No matter what happens, many will hold on to the idea that saturated fats are bad. There IS NO direct correlation between dietary saturated fat and heart disease. The title of the article that stockwiz posted a link to is "Adding Carbs to the Diet Increases Saturated Fat in Blood"

Most will not click on the link, here is an excerpt.
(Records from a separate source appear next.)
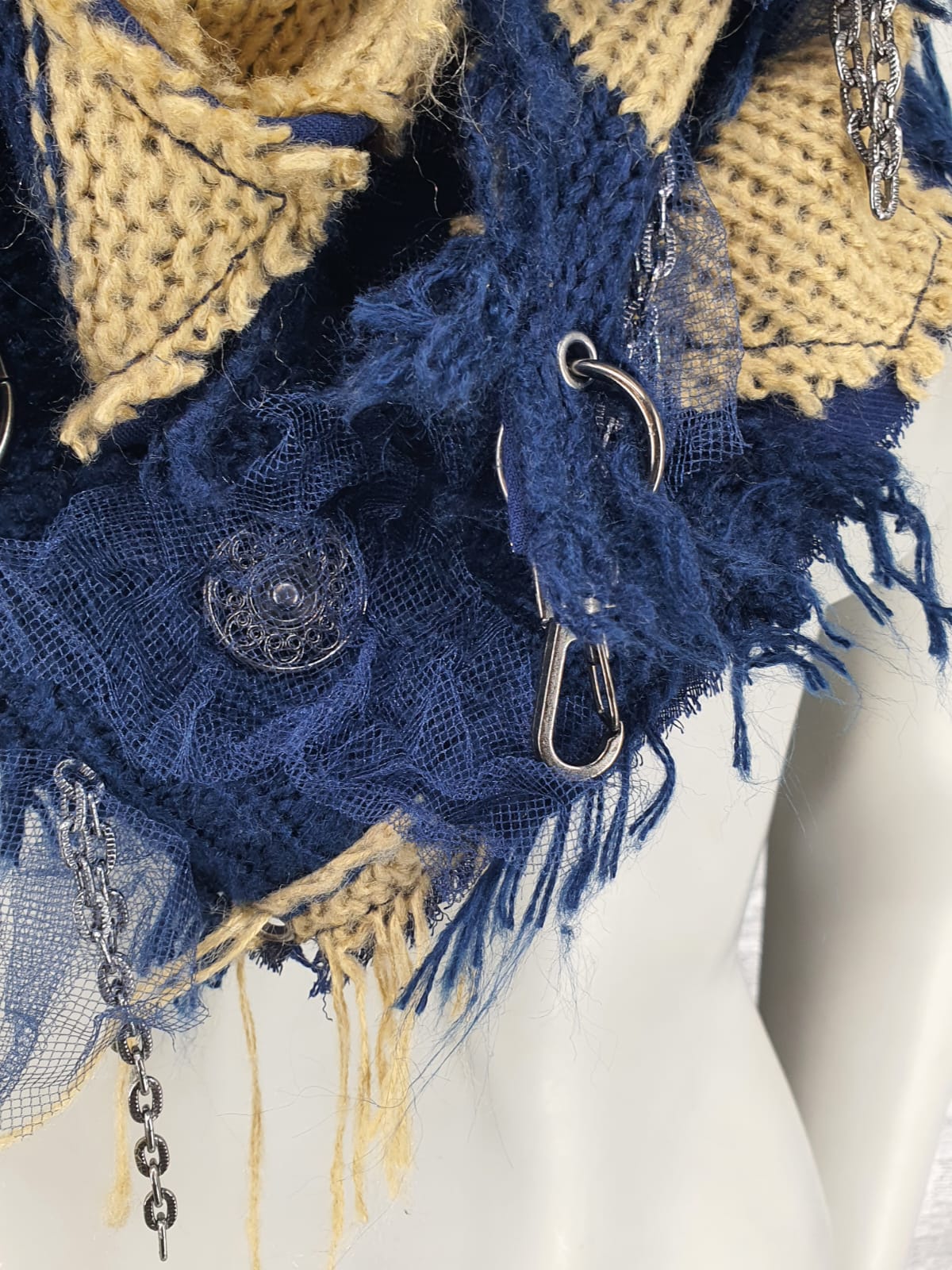 Шарф из сине-бежевого джемпера на синей хлопковой основе, декорирован цепочками, кнопками и сеткой. Практично и романтично!
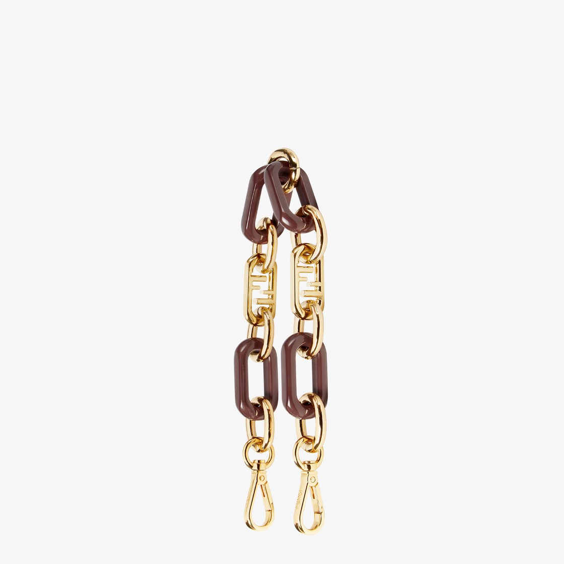 Short chain shoulder strap with double snap hook, to use in combination with any bag with hooks. Made of gold-finish metal, it features customised FF chain links alternating with mahogany brown ABS links.
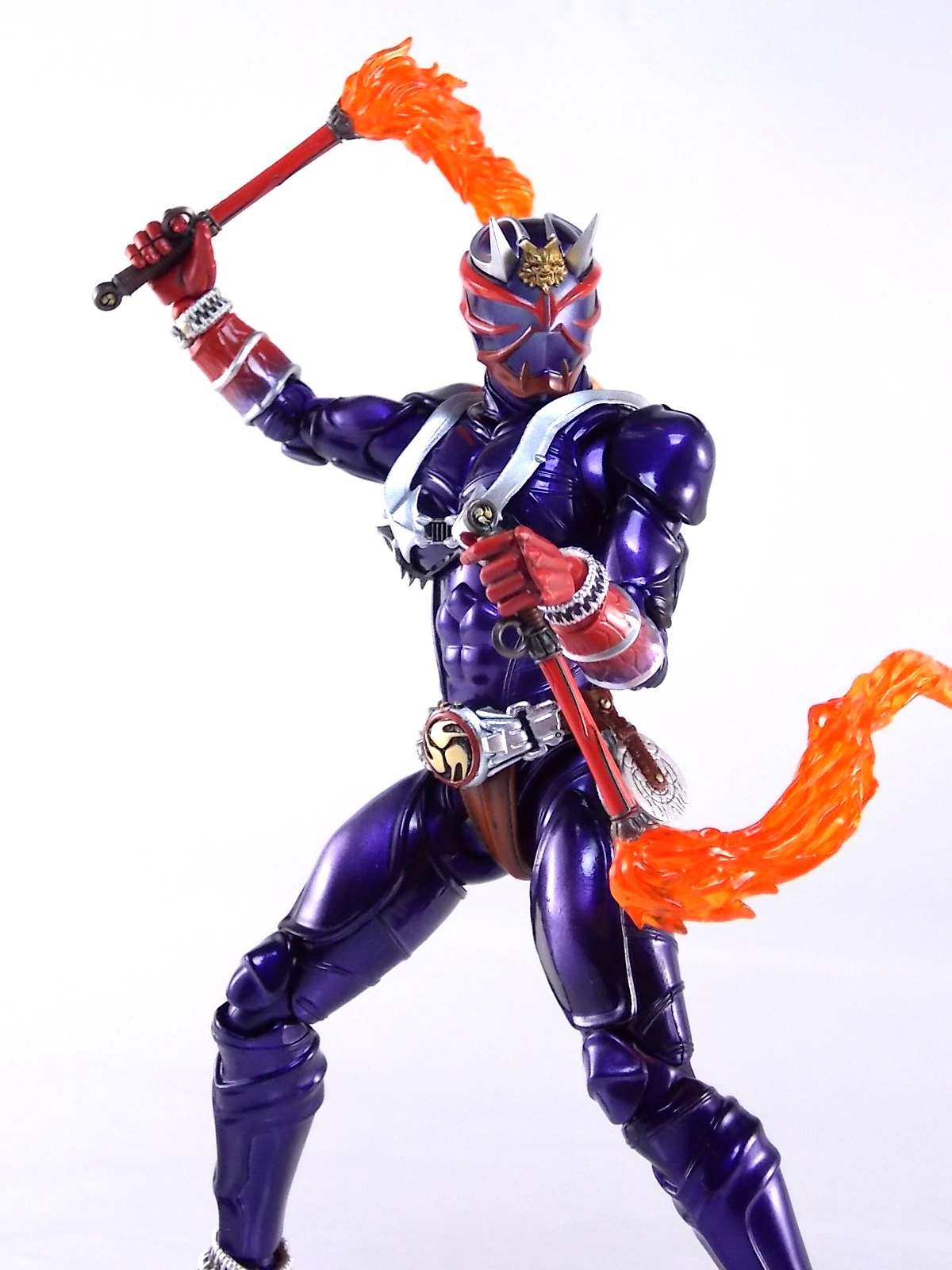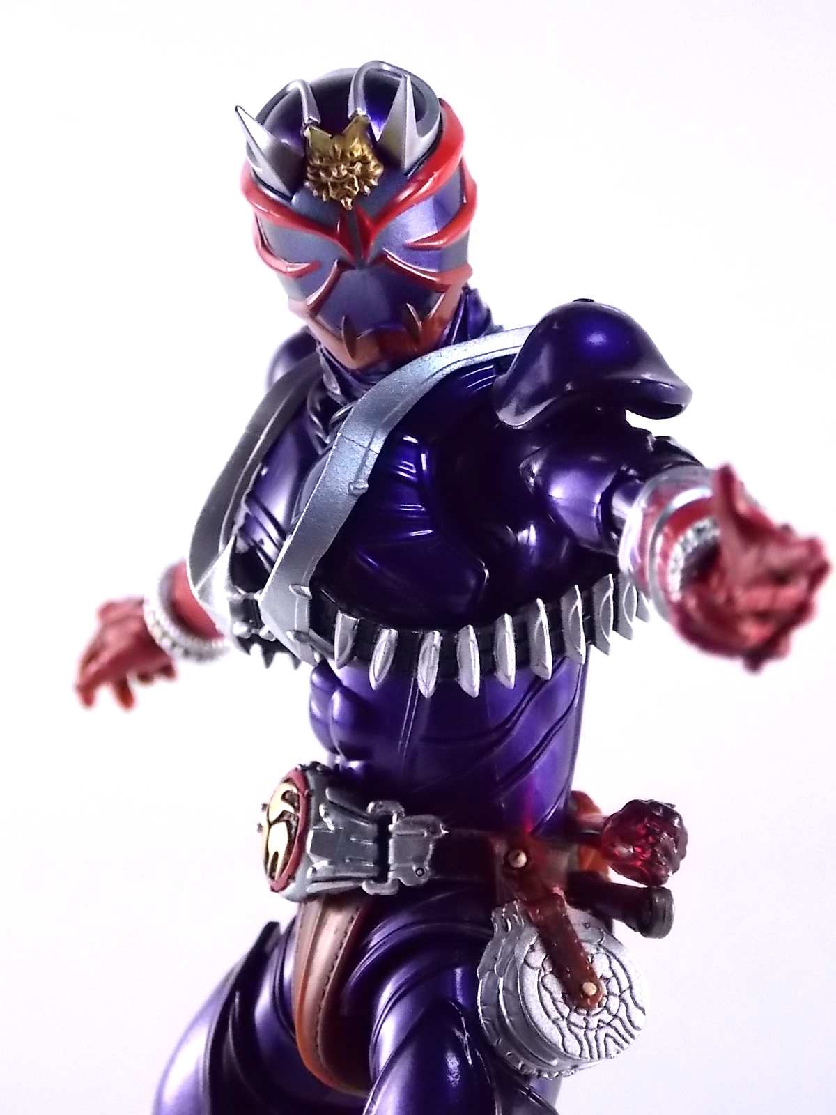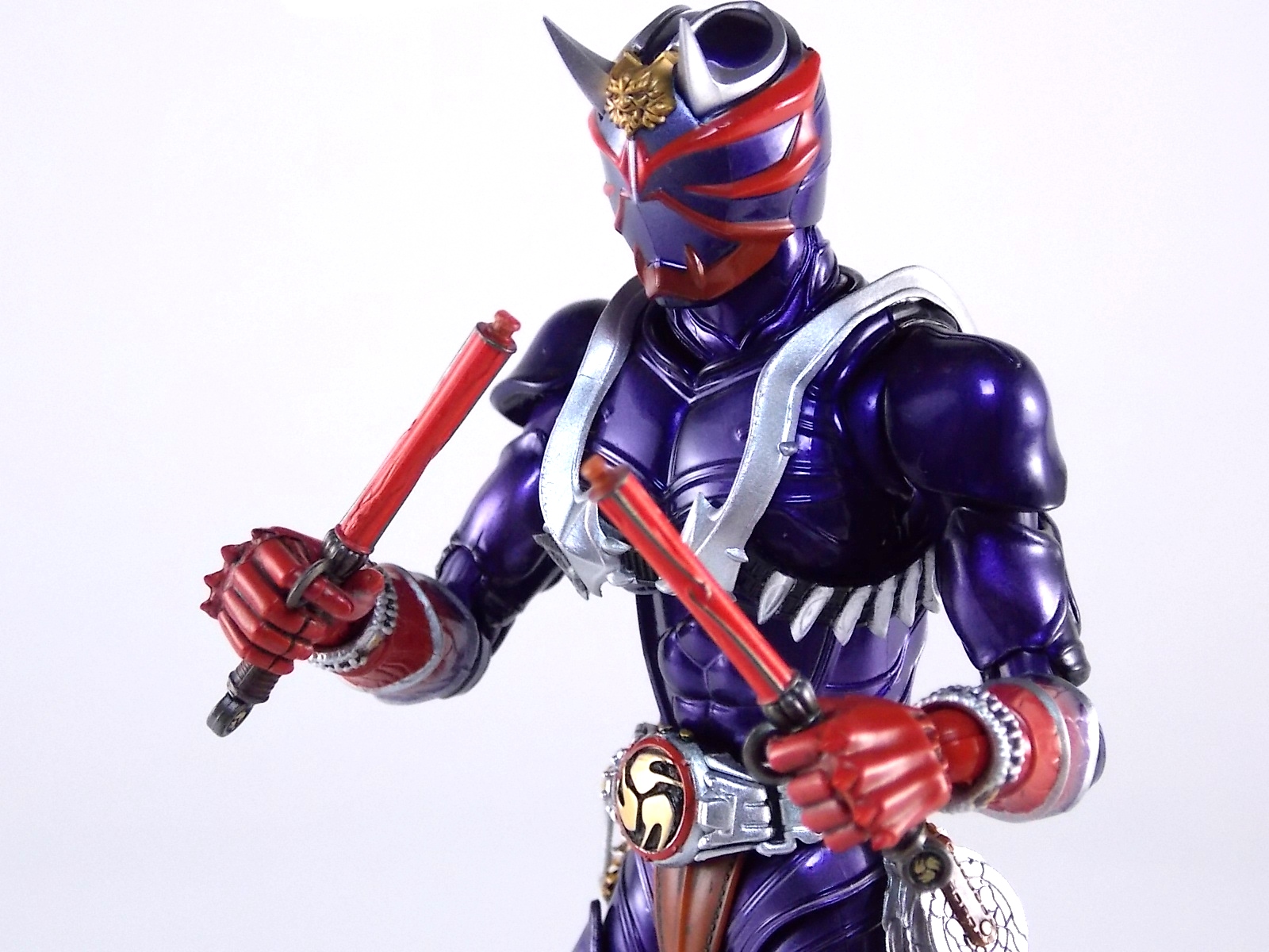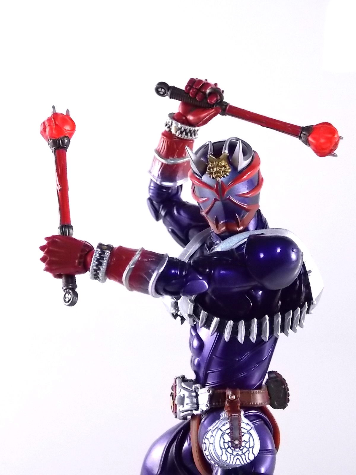 A long time coming, S.H. Figuarts Kamen Rider Hibiki finally makes his appearance! After many years of this line continuing without all the main riders, we're one step closer to having them all! Released in the same premium style as the recent S.H. Figuarts Kabuto Renewal Hibiki aims to deliver an incredible product and for the most part it succeeds. Let's take a look at exactly what this figure is like. Post #1 contains 40 images with over 30 more in post #2! Packaging S.H. Figuarts Hibiki comes in identical packaging to Renewal Kabuto. The exact same type of rectangular box, with stacked white plastic trays. It's a little odd that Hibiki would be given the same premium treatment Renewal Kabuto was, considering this is the first SHF Hibiki to be made. So far these two figures are the only ones to feature this packaging which seems odd, we'll see if it continues down the line. Main Figure First things first, Hibiki is drop dead GORGEOUS. The sculpting on this bad boy is absolutely perfect. In every way imaginable it captures the look of the on screen suit right down to the textured musculature. The details are near perfection. Seriously I can not say enough about the new sculpting process used for Hibiki that was first introduced on Kabuto Renewal. Like Kabuto we see from the included concept book that the sculpt for this figure began from the ground up with a skeletal inner frame. And that extra work really pays off, especially when compared to other main line S.H. Figuarts. The only issue I really have with Hibiki, which is isolated to the one I have, is errant paint applications. Just above his belt on mine there are several significant splotches of silver. And there's another on his inner thigh. Based on how tight some of the joints are I think it's safe to say that the purple paint all over the figure may flake off over time as well. The thighs/hips and upper body were pretty darn tight too. The interesting new hip design makes me think they could break pretty easily as well. But that's just catious speculation on my part, it really feels like there could be issues with the figure down the line. As is, the main body of the figure looks gorgeous. Again it really does look incredibly faithful to the onscreen counterpart. The articulation is pretty superb as well. The way the shoulder pads unhinge up and over the shoulders themselves, the innovative way the hips angle out with a filler piece that fills the gap (itself reminiscent of Toy Biz Marvel Legends joints), and the traditional peg style hands with pretty open wrist cuffs that won't hinder their movement. It should be noted that Hibiki DOES NOT use the "figma style" wrist peg system that Kabuto Renewal does. It has the traditional ball jointed wrists that nearly all Figuarts do. So far the only releases that have featured this new system are Kabuto and the Anti-Piracy figures. I am hugely thankful of this. The peg system introduced with Kabuto is in my opinion pretty terrible. I'm very happy to see a return to standard ball joins again. Accessories S.H. Figuarts Kamen Rider Hibiki is fully loaded! Aside from the excellent sculpt of the figure it's also armed to the teeth with accessories. Including much more than the pre-requisites of more standard fair releases, the accessory count is what really bumps Hibiki into the premium SHF territory. Included with Hibiki are: 4 - sets of alternate hands. As usual this gives you all you need for nice static, dynamic, and signature poses, including the perfect pair for Hibiki to hold his weapons. 2 - different sets of Ongekikou Rekka. One set molded into a holster. This set can be plugged into the back of his belt in place of the standard "empty" holster pouch. The second set of Ongekikou Rekka are magnificent. These full fledged versions of the weapons slide into Hibiki's holding hands and actually looped around the forefingers just as the real rider himself would hold them. They really are excellent. 2 - flame effect parts for the Ongekikou. To use them you need to pop the head of each Ongekikou off and pop these on. These flame effects look fantastic and really help the figure pull off it's dynamic look even better. Great for dynamic shots and poses. 2 - different versions of the Onkaku Tuning Fork. One version is molded in a folded down position to be plugged onto the right side of the belt in the same manner the Ongekikou on the back. The second Onkaku is the proper unfolded version for the figure to hold in hand. Though I don't feel any of the included hands can really hold it that well. 1 - Disk Animal holster molded with the appearance of 3 discs in it. Again meant to be plugged onto the belt in place of the bare plug that's normally there. 3 - Disc Animals in disc form. Though they don't transform, at this scale I'm not sure that would be possible. They'd almost certainly break. As is they look really nice for their size/sculpt/Paint. The 3 you get are Steel hawk, Azure Wolf, & Green Ape. So as you can see, Hibiki gets a boat LOAD of accessories. Seriously this is basically everything he could possibly need. These accessories really make it the premium release it should be. As a bonus the the Ongekikou Kaentsuzumi buckle on his belt can also be removed to replicate at least the first part of the Ongeki Da finisher. The figure should have included a giant version of this accessory but that's a bit of a dream honestly. You can always pick up the old Final Form Rider Hibiki to replicate it if you wish. Final Thoughts S.H. Figuarts Kamen Rider Hibiki really does feel like just as much of a Premium release as Kabuto Renewal did. Though mine suffers from some unfortunate QC issues, don't let that affect your opinion of it. It really is an excellent figure. It has the sculpt down perfectly, and for the most part the paint apps are incredible. It has a wealth of accessories that really are just incredible. With Hibiki's release we are now officially 1 rider away from having ALL the Heisei

Recent meta-analyses have found no association between heart disease and dietary saturated fat; however, higher proportions of plasma saturated fatty acids (SFA) predict greater risk for developing type-2 diabetes and heart disease. These observations suggest a disconnect between dietary saturated fat and plasma SFA, but few controlled feeding studies have specifically examined how varying saturated fat intake across a broad range affects circulating SFA levels. Sixteen adults with metabolic syndrome (age 44.99.9 yr, BMI 37.96.3 kg/m2) were fed six 3-wk diets that progressively increased carbohydrate (from 47 to 346 g/day) with concomitant decreases in total and saturated fat. Despite a distinct increase in saturated fat intake from baseline to the low-carbohydrate diet (46 to 84 g/day), and then a gradual decrease in saturated fat to 32 g/day at the highest carbohydrate phase, there were no significant changes in the proportion of total SFA in any plasma lipid fractions. Whereas plasma saturated fat remained relatively stable, the proportion of palmitoleic acid in plasma triglyceride and cholesteryl ester was significantly and uniformly reduced as carbohydrate intake decreased, and then gradually increased as dietary carbohydrate was re-introduced. The results show that dietary and plasma saturated fat are not related, and that increasing dietary carbohydrate across a range of intakes promotes incremental increases in plasma palmitoleic acid, a biomarker consistently associated with adverse health outcomes.